Instructions to follow
Below are the records; repeat exactly their lines between the line holding "(本网讯)4月13日中午,学" and the line holding "Карпюк Оксана Підручник", inclusive, skipping the pictures.

Extracted records
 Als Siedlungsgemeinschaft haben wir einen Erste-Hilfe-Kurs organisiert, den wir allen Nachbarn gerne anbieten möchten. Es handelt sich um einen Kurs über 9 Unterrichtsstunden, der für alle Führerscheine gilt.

* * *

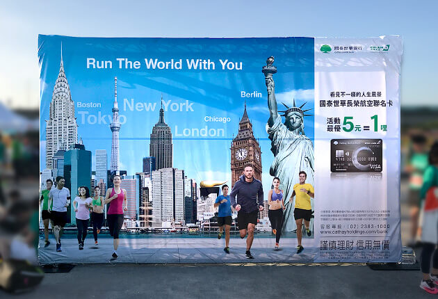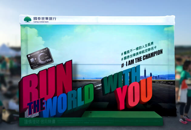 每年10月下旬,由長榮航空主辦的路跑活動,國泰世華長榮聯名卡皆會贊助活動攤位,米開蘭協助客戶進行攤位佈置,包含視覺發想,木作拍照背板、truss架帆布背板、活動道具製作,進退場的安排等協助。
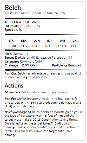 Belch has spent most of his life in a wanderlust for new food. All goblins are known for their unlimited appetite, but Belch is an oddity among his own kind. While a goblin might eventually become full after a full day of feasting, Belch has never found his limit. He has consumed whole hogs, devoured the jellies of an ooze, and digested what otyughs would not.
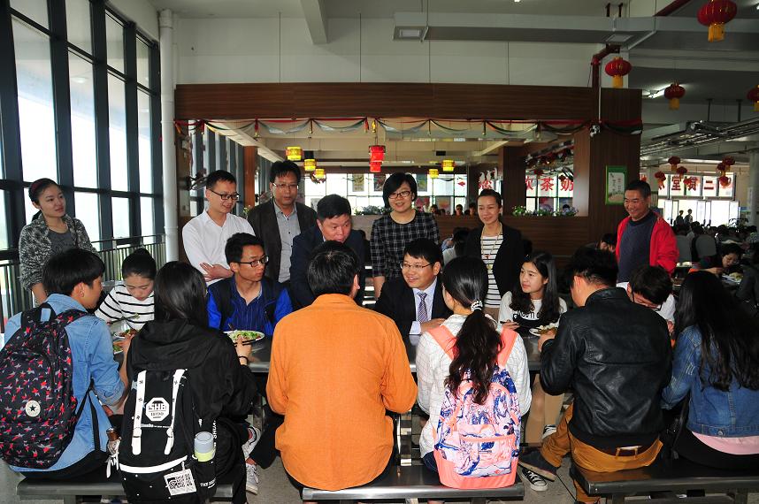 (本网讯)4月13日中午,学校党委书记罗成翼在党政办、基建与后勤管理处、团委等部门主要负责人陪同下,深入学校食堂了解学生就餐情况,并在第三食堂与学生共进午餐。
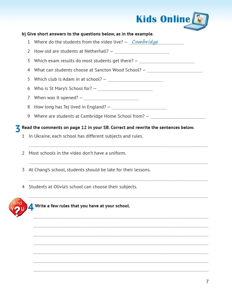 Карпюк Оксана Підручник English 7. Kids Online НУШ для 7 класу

* * *

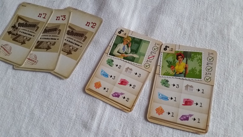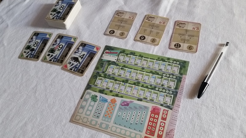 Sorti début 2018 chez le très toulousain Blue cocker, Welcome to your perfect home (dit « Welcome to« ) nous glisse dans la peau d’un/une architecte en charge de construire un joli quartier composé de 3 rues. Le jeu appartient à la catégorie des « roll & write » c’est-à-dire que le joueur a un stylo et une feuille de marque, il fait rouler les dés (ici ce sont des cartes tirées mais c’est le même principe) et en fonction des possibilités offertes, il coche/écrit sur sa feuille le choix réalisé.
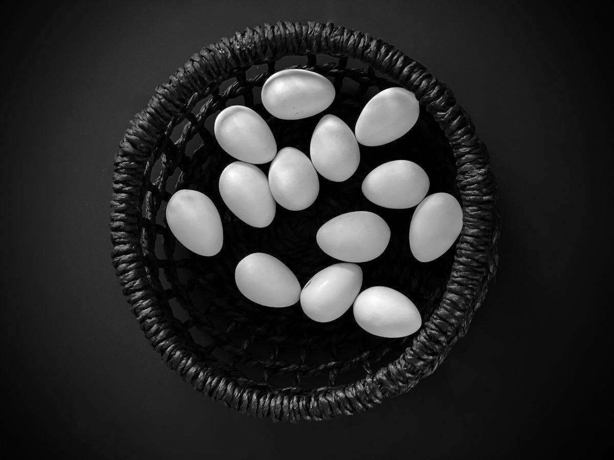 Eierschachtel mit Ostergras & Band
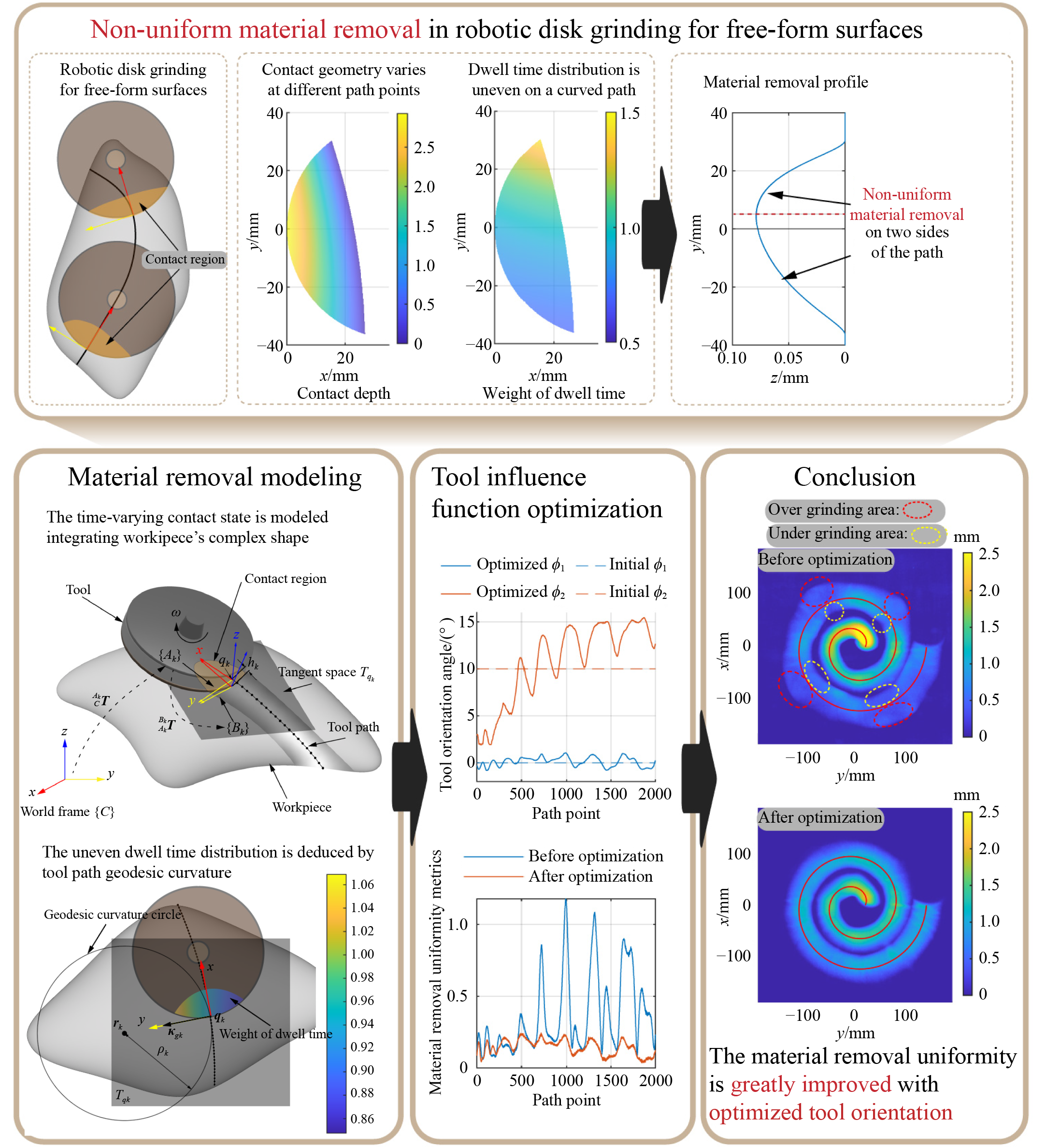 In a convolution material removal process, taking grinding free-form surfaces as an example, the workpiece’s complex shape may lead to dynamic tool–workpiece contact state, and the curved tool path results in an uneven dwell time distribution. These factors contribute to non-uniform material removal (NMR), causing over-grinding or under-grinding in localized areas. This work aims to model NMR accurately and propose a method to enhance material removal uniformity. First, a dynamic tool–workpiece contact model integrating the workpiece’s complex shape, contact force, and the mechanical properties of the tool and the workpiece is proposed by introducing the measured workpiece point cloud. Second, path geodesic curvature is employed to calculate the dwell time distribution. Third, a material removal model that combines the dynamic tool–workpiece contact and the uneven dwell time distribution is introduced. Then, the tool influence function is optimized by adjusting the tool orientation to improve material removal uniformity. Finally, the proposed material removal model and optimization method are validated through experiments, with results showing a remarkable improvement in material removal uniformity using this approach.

Solution for this problem
 (本网讯)4月13日中午,学校党委书记罗成翼在党政办、基建与后勤管理处、团委等部门主要负责人陪同下,深入学校食堂了解学生就餐情况,并在第三食堂与学生共进午餐。
 Карпюк Оксана Підручник English 7. Kids Online НУШ для 7 класу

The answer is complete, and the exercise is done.